Confirm that the Application Insights resource shows a Provisioning State of Succeeded.

Check the connection string

Run the deployment script's Check deployment status option to verify the resource was created successfully.
Confirm the .env file contains the APPLICATIONINSIGHTS_CONNECTION_STRING value.
If the connection string is missing, run the Retrieve connection info option again.

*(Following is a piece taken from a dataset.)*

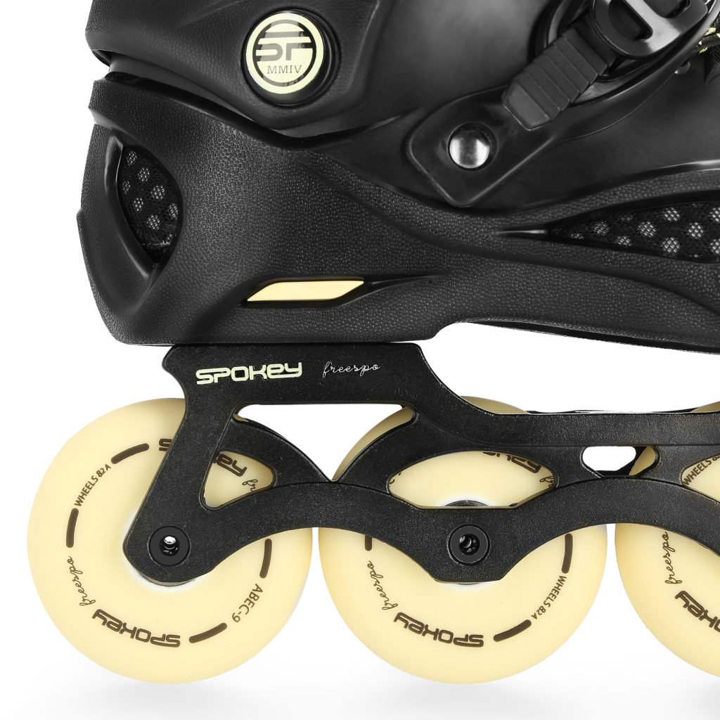 Rolki Spokey FREESPO to połączenie komfortu jazdy oraz najlepszych parametrów technicznych. Zastosowanie twardej skorupy, wykonanej z PP* (wysoce elastyczny polipropylen), zapinanej na dwie klamry (górną klasyczną oraz dolną z pompką zaciskową) oraz sznurowadła, zapewnia optymalne dopasowanie buta do stopy. Zmniejsza to ryzyko doznania kontuzji i jednocześnie umożliwia perfekcyjne kontrolowanie manewrów i skrętów podczas jazdy. Konstrukcja Freespo niweluje także błędy, które często pojawiają się u początkujących skaterów, takie jak np. koślawienie kostek.

Verify environment variables

Check that the .env file exists in the project root and contains the APPLICATIONINSIGHTS_CONNECTION_STRING, RESOURCE_GROUP, APPINSIGHTS_NAME, APPINSIGHTS_RESOURCE_ID, and ALERT_EMAIL values.
Ensure you ran source .env (Bash) or . ..env.ps1 (PowerShell) to load environment variables into your terminal session.
If variables are empty, re-run source .env (Bash) or . ..env.ps1 (PowerShell).

Check authentication

Confirm you are logged in to Azure CLI by running az account show.
Verify the Monitoring Metrics Publisher role is assigned to your account by checking the role assignments in the Azure portal or running the deployment script's option to assign the role again.

Check Python environment and dependencies

Confirm the virtual environment is activated before running the script.
Verify that all packages from requirements.txt were installed successfully by running pip list.
If azure-monitor-opentelemetry is not installed, run pip install -r requirements.txt again.

Telemetry not appearing in query results

Telemetry can take two to five minutes to appear after the script sends it. Wait and select Run again in the Logs blade.
Verify the connection string is correct by comparing it to the value shown in the Azure portal under the Application Insights resource's Overview page.
Check the VS Code terminal output for any errors related to telemetry export.
If queries return no results, widen the time range using the time picker in the Logs blade (for example, change from Last 1 hour to Last 4 hours).

Alert rule creation failures

Ensure the scheduled-query extension is installed by running az extension add --name scheduled-query.
Verify the APPINSIGHTS_RESOURCE_ID environment variable contains a valid resource ID by running echo $APPINSIGHTS_RESOURCE_ID.
If the command requires a preview extension, run az config set extension.dynamic_install_allow_preview=true first.